The rulers of the previous Shang (c. 1600) and Zhou (c. 1056 – 256 BC) dynasties were referred to as 'king' (王 ). By the time of the Zhou dynasty, they were also referred to as the Son of Heaven. In 221 BC, King Ying Zheng of Qin completed the conquest of all the Warring States of ancient China. To elevate himself above the Shang and Zhou kings, he accepted the new title of Emperor (皇帝 ) and is known to posterity as Qin Shi Huang, the 'First Emperor' of Qin. The new title of emperor was created by combining the titles for the Three Sovereigns and Five Emperors from Chinese mythology. This title was used by each successive ruler of China until the fall of the Qing dynasty in 1911.

=== Posthumous, temple, and era names ===
From the Shang until the Sui dynasty (581–618) dynasty, Chinese rulers (both kings and emperors) were referred to by their posthumous names in records and historical texts. Temple names, first used during the reign of Emperor Jing of Han, were used exclusively in later records and historical texts when referring to emperors who reigned during the Tang (618–907), Song (960–1279), and Yuan (1271–1368) dynasties. During the Ming (1368–1644) and Qing (1644–1911) dynasties, a single era name was used for each emperor's reign and became the preferred way to refer to Ming and Qing emperors in historical texts.

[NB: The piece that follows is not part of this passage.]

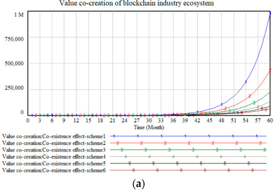 The numerical value of contract governance (contract coordination, contract control, and contract adaptation) is adjusted sequentially from 0.3 to 0.4, 0.5, 0.6, 0.7 and 0.8, and the trust governance is adjusted correspondingly from 0.4 to 0.5, 0.6, 0.7, 0.8 and 0.9, and six schemes are obtained. The simulation results are shown in the Figure 8. Figure 8a,b respectively show the co-existence effect of contract governance and trust governance on value co-creation and resource innovation of blockchain industry ecosystem.

Use of the era name was formally adopted during the reign of Emperor Wu of Han, yet its origins can be traced back further. The oldest method of recording years—which had existed since the Shang—set the first year of a ruler's reign as year one. When an emperor died, the first year of a new reign period would begin. This system was changed by the 4th century BC when the first year of a new reign period did not begin until the first day of the lunar New Year following a ruler's death. When Duke Huiwen of Qin assumed the title of king in 324 BC, he changed the year count of his reign back to the first year. For his newly adopted calendar established in 163 BC, Emperor Wen of Han also set the year count of his reign back to the beginning.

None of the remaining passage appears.